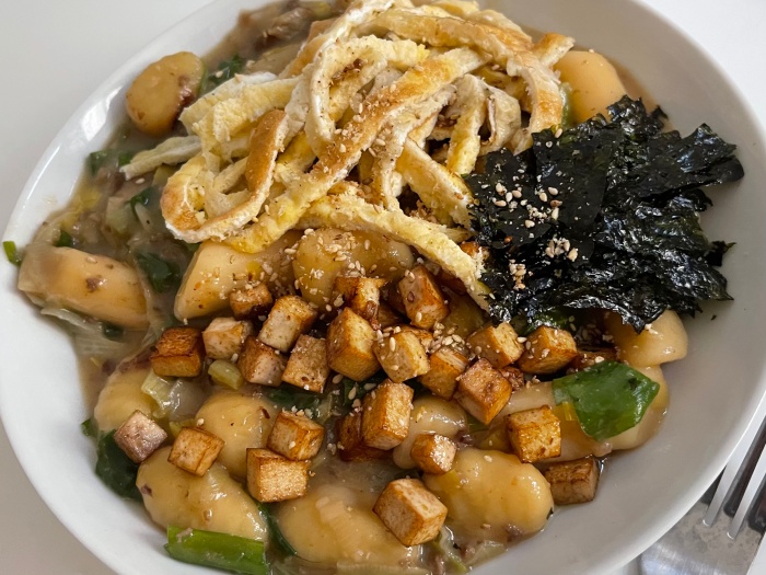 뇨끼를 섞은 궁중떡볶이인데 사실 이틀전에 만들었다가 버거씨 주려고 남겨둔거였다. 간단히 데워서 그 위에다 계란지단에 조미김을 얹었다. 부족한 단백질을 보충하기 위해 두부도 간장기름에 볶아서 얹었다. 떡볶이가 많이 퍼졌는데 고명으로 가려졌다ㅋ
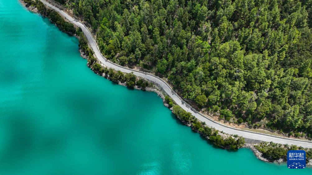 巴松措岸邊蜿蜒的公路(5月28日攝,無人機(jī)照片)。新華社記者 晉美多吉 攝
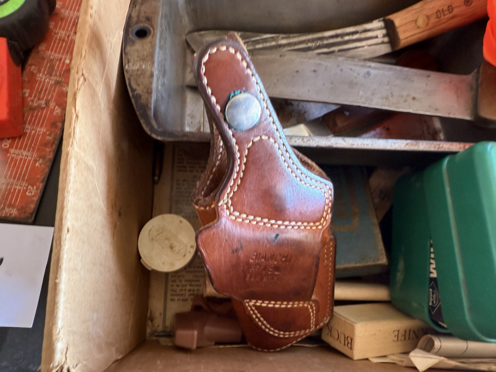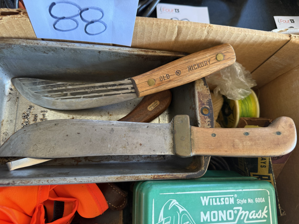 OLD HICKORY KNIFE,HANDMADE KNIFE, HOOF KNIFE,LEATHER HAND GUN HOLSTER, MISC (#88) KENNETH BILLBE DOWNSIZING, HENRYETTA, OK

-------------------------

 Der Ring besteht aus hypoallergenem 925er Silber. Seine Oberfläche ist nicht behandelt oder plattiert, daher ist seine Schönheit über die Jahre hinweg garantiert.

-------------------------

§ Exercise description
Each line above that falls between the line with "巴松措岸邊蜿蜒的公路(5月28日攝,無人機(jī)照片)。新華社記者 晉美多吉 攝" and the line with "OLD HICKORY KNIFE,HANDMADE" should be printed exactly, together with those two lines, but the pictures should not.

§ Response area
 巴松措岸邊蜿蜒的公路(5月28日攝,無人機(jī)照片)。新華社記者 晉美多吉 攝
 OLD HICKORY KNIFE,HANDMADE KNIFE, HOOF KNIFE,LEATHER HAND GUN HOLSTER, MISC (#88) KENNETH BILLBE DOWNSIZING, HENRYETTA, OK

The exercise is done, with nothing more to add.